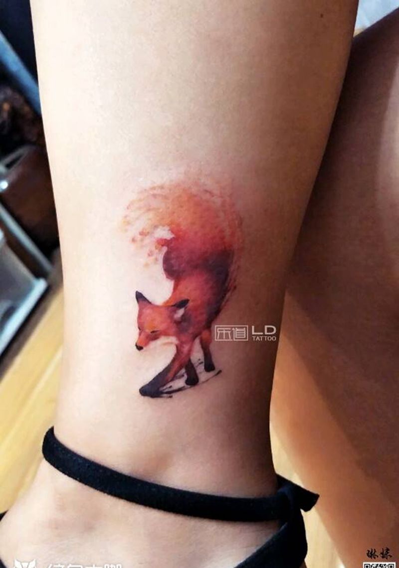 水彩小狐狸纹身图片_腿部清新国画动物原创成品纹身图案
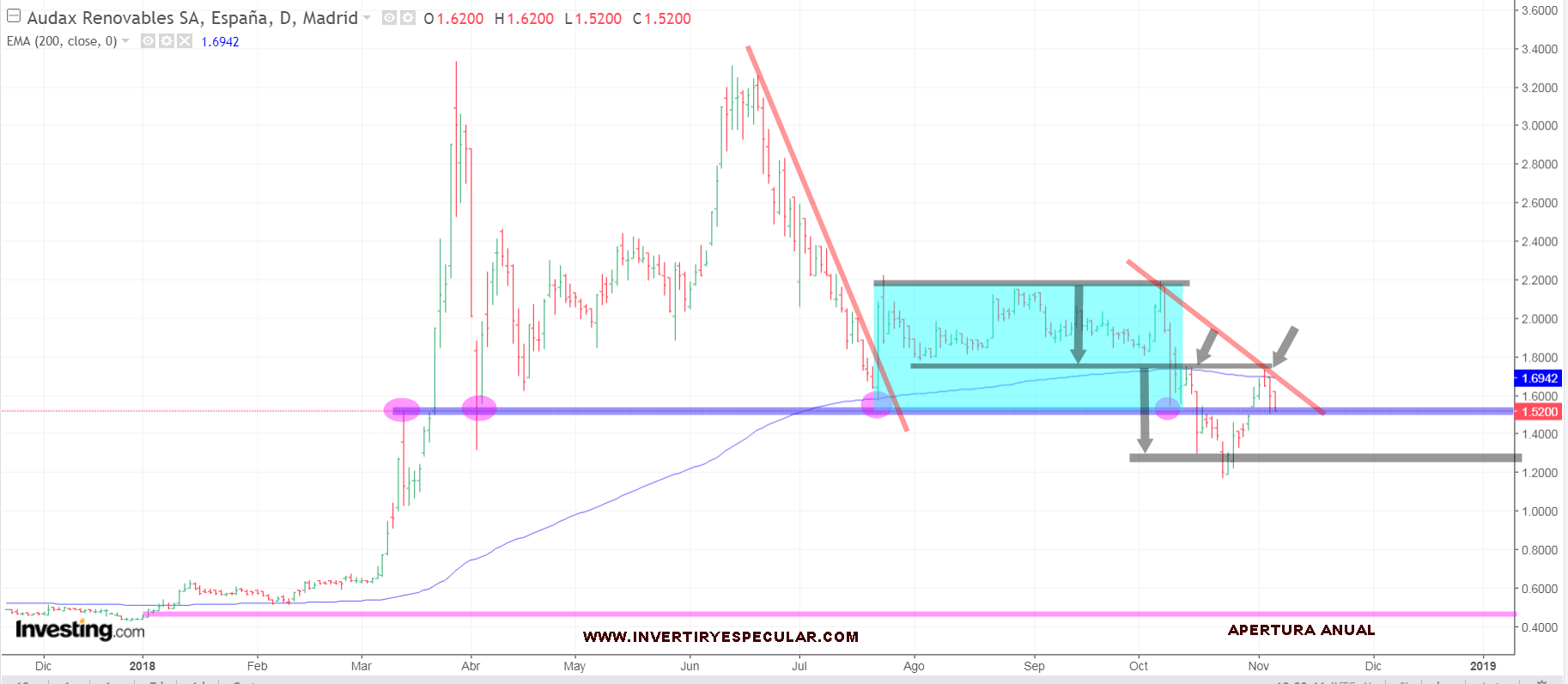 Audax cayò en octubre un 10% menos que Solaria pero claro poco consuelo es caer un 46% en un mes, lo malo es que perdió soporte de rango trató de volver a él pero la el mismo y la EMA 200 se lo impidieron, tras tocar los 1.20 euros rebote para repetir la operación y volver a recuperar al menos su línea polar cosa que por el momento consigue pero la EMA 200 la vuelve a frenar ejerciendo de resistencia. Mantener y esperar a que recupere media y soporte de 1.7 euros para pensar en entrar. Lo mismo que Solaria a pesar del tremendo batacazo y deterioro a corto plazo si en verde este año.
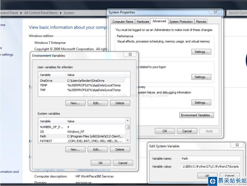 依次點擊我的電腦,Properties,接著點擊高級系統設置,環境變量,然后把C:/Python27/Scripts路徑添加到變量值里面就行了。
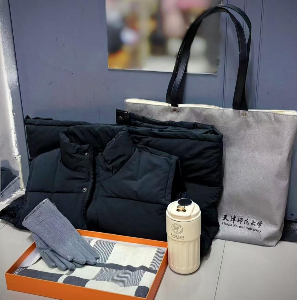 此次“暖冬活动”,学校精心为自强学生们准备了“立冬礼包”,包括暖冬棉马甲、围巾、手套、师大定制保温杯及手提包。在场的老师们带着满满的关怀和祝福将慰问品送到每一名同学手中。“感谢学校对我们的惦念和关怀,礼品实用又暖心,这个冬天被‘暖暖’包围住了~”外国语学院依丽米努尔·吐送托合提试穿“礼物”后感慨着。
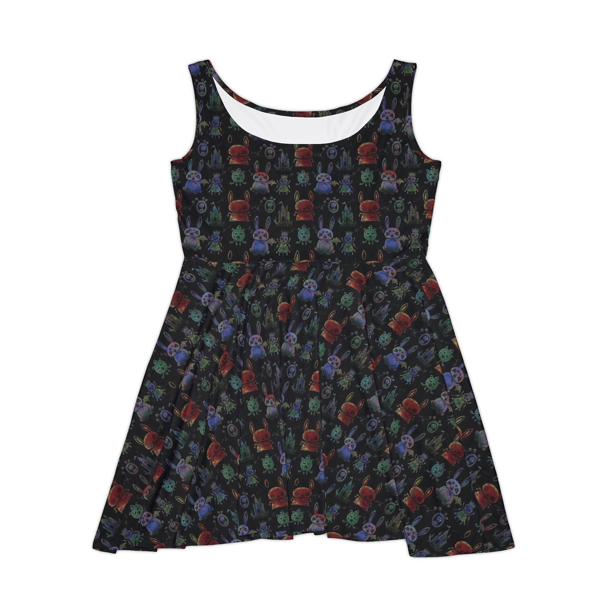 A playful mid-length skater dress with a dark, moody all-over print of small colorful floral motifs. The high scoop neckline and sleeveless cut keep the silhouette clean and wearable, while the asymmetrical skirting and gathered waist add movement that flares with each step. The fabric has a smooth, slightly stretchy hand that holds vivid colors and crisp detail, so the print stays rich against the black background. Wear it with boots and a leather jacket for evening walks, or layer a cardigan and tights for cool-weather markets — it moves easily from day to night and feels like a little wearable story every time you put it on.
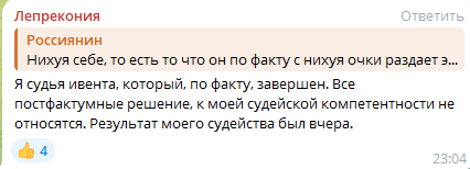 А нах нужен судья если жопич сам принимает решения по итогу. И зачем участвовать в его будущих ивентах, если он может отнять у тебя победу, проснувшись с бодуна. Весь ивен по сути нелегитимный, потому что судья в нем оказывается ничего не значил.
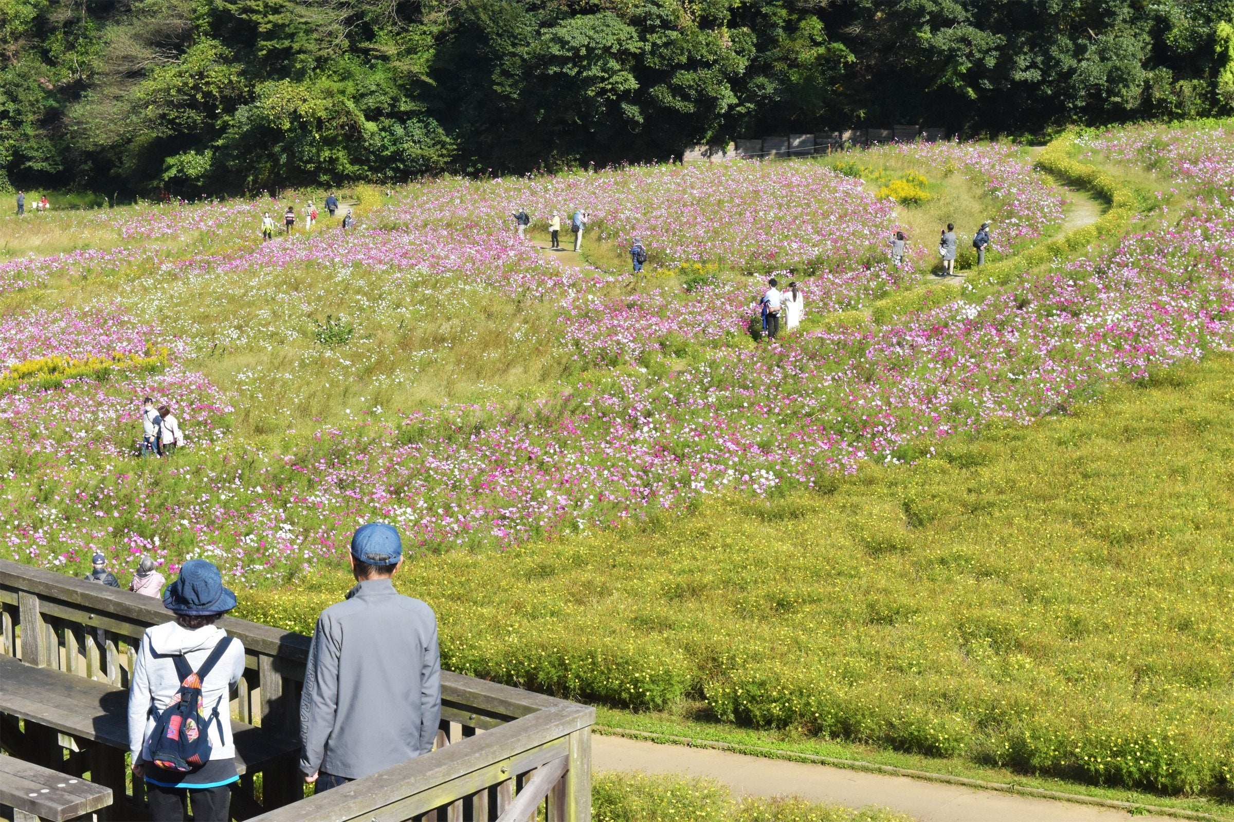 - くりはま花の国の「コスモス園」では8品種の開花リレーが見どころ!
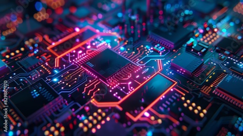 © Mrzproducer, Obraz premium circuit board with a glowing purple and blue light.
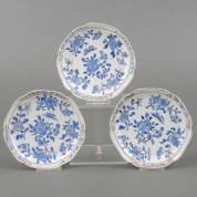 Drie Chinees porseleinen schoteltjes met geschulpte rand en blauw geëmailleerd bloem- en vlinderdecor, Yongzheng -minieme rimfrittings-, Ø 13,5 cm
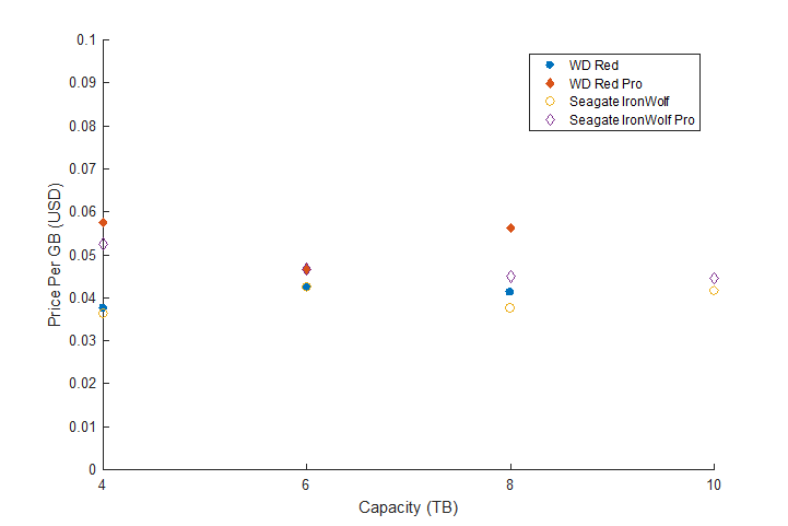 There are tons of hard drives from Western Digital and Seagate you can buy for your NAS at press time. From 4TB and up, I graphed the price per gigabyte data collected at the time of writing this article for the Red and Red Pro lineup from Western Digital and IronWolf and IronWolf Pro lineup from Seagate above. As it can be seen, you can get quite a bit of bang from your buck in the 4TB range, and we have covered the Western Digital Red, Red Pro, and Seagate NAS HDD (The IronWolf 4TB is an updated version of the NAS HDD) in the past. However, since it is 2017, and we are looking for something of a higher capacity, I considered the next sweet spot segment: The 8TB class.
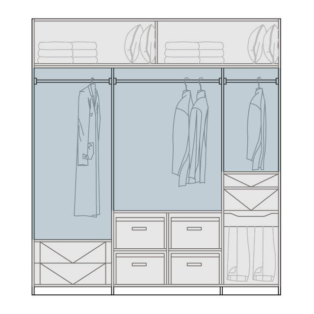 中层区:中层区是存取物品最为方便的高度,这一层可放置挂一杆,根据衣服的长度再继续长短分区。
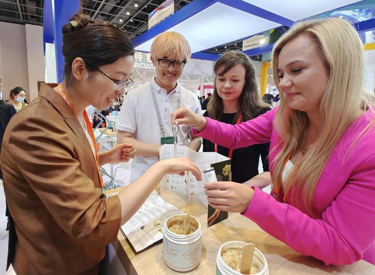 Hungarian noble rot wine, ouzo from Greece, and a series of other commodities under the EU geographical indications system were exhibited at the expo. Dazzling exhibits, including foldable Slovenian skis and fragrant Bulgarian rose essential oil, attracted visitors’ attention.
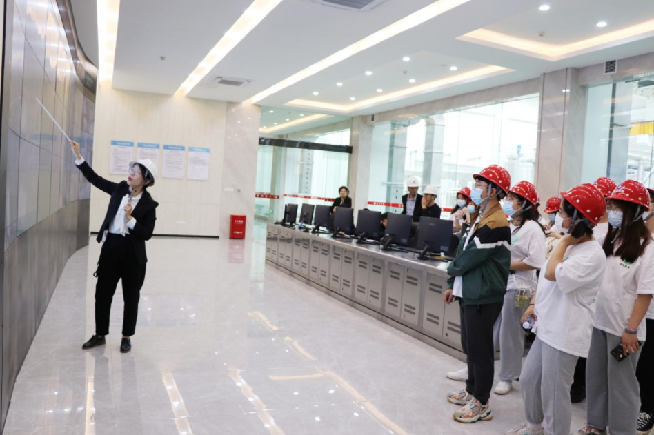 隨後,同學們前往餐廚垃圾資源化處理項目,通過參觀環保展廳和中央控製室,全麵了解項目運作模式、處理工藝和處理規模。對於項目采用的“餐廚垃圾預處理+有機漿料厭氧發酵+沼氣發電”的處理工藝,同學們興趣濃厚,積極與工作人員探討。
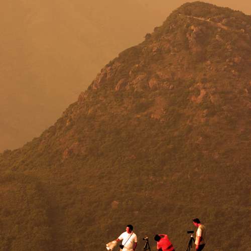 三位影友與背後的觀音山
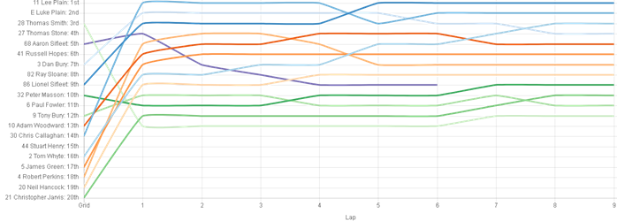 Fowler first time out since his forced sabbatical took the lead followed by Callaghan and Whyte, these chasing pair had a coming together at the end of the Back Straight as Whyte attempted to claim 2nd place. This left easy access for Luke Plain to take up 2nd spot and eventually take over at the front on lap 6. Woodward, L. Sifleet and D. Bury fought amongst themselves with Sifleet passing Woodward on lap 4. Woodward kept Bury behind him but it was a close call over the finish line with 0.05 separating them.
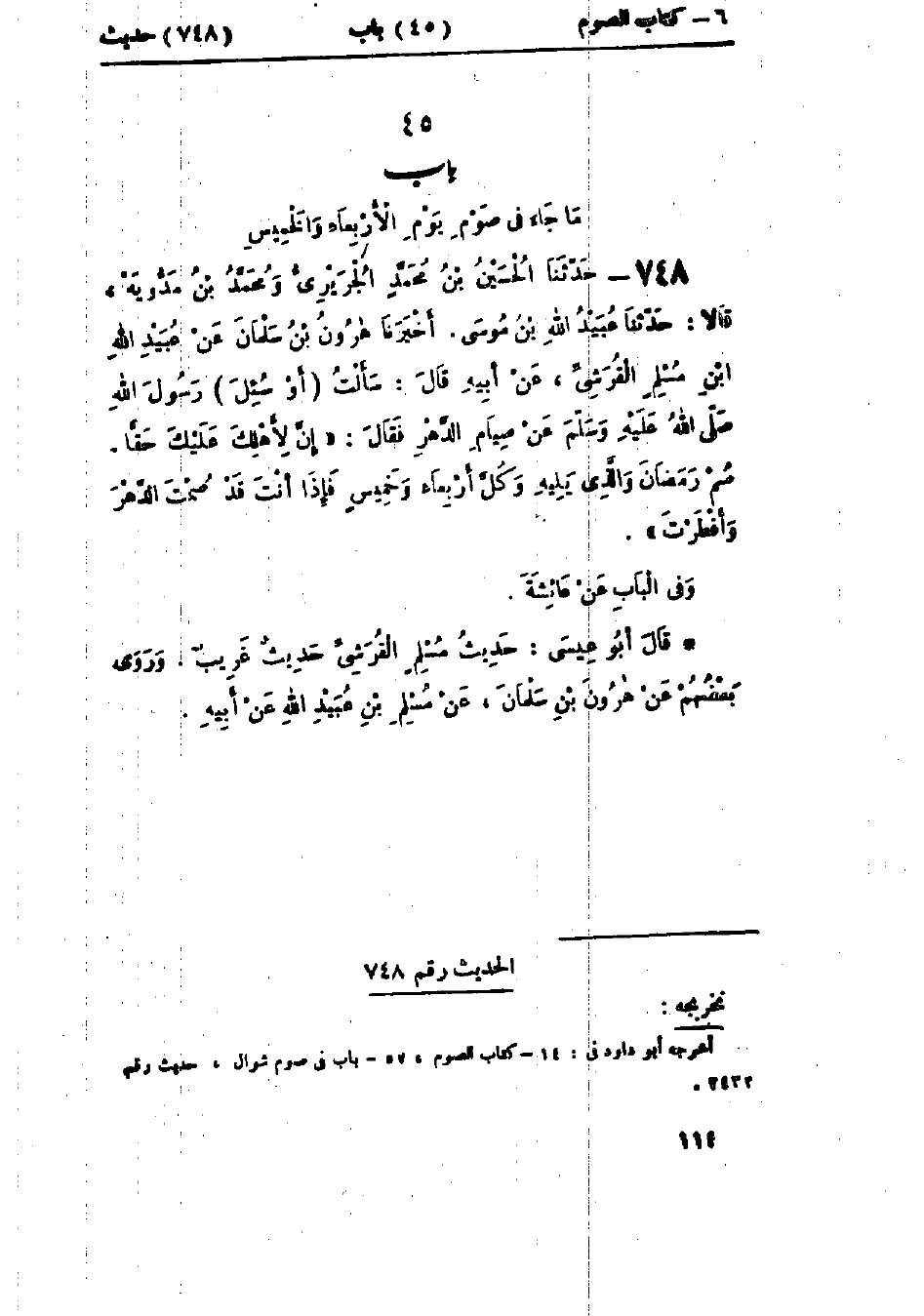748 - حَدَّثَنَا الحُسَيْنُ بْنُ مُحَمَّدٍ الجُرَيْرِيُّ، وَمُحَمَّدُ بْنُ مَدُّوَيْهِ قَالَا: حَدَّثَنَا عُبَيْدُ اللَّهِ بْنُ مُوسَى قَالَ: أَخْبَرَنَا هَارُونُ بْنُ سَلْمَانَ، عَنْ عُبَيْدِ اللَّهِ بْنِ مُسْلِمٍ القُرَشِيِّ، عَنْ أَبِيهِ قَالَ: سَأَلْتُ، أَوْ سُئِلَ رَسُولُ اللَّهِ صَلَّى اللَّهُ عَلَيْهِ وَسَلَّمَ عَنْ صِيَامِ الدَّهْرِ؟ فَقَالَ: «§إِنَّ لِأَهْلِكَ عَلَيْكَ حَقًّا، صُمْ رَمَضَانَ، وَالَّذِي يَلِيهِ، وَكُلَّ أَرْبِعَاءَ وَخَمِيسٍ، فَإِذَا أَنْتَ قَدْ صُمْتَ الدَّهْرَ وَأَفْطَرْتَ» وَفِي البَابِ عَنْ عَائِشَةَ.: «حَدِيثُ مُسْلِمٍ القُرَشِيِّ حَدِيثٌ غَرِيبٌ» وَرَوَى بَعْضُهُمْ، عَنْ هَارُونَ بْنِ سَلْمَانَ، عَنْ مُسْلِمِ بْنِ عُبَيْدِ اللَّهِ، عَنْ أَبِيهِ

▸ **Instructions for the task**
Nothing but the lines from the one with "А нах нужен" to the one with "Drie Chinees porseleinen" above, both included, should be transcribed, exactly and without pictures.

▸ **Written answer**
 А нах нужен судья если жопич сам принимает решения по итогу. И зачем участвовать в его будущих ивентах, если он может отнять у тебя победу, проснувшись с бодуна. Весь ивен по сути нелегитимный, потому что судья в нем оказывается ничего не значил.
 - くりはま花の国の「コスモス園」では8品種の開花リレーが見どころ!
 © Mrzproducer, Obraz premium circuit board with a glowing purple and blue light.
 Drie Chinees porseleinen schoteltjes met geschulpte rand en blauw geëmailleerd bloem- en vlinderdecor, Yongzheng -minieme rimfrittings-, Ø 13,5 cm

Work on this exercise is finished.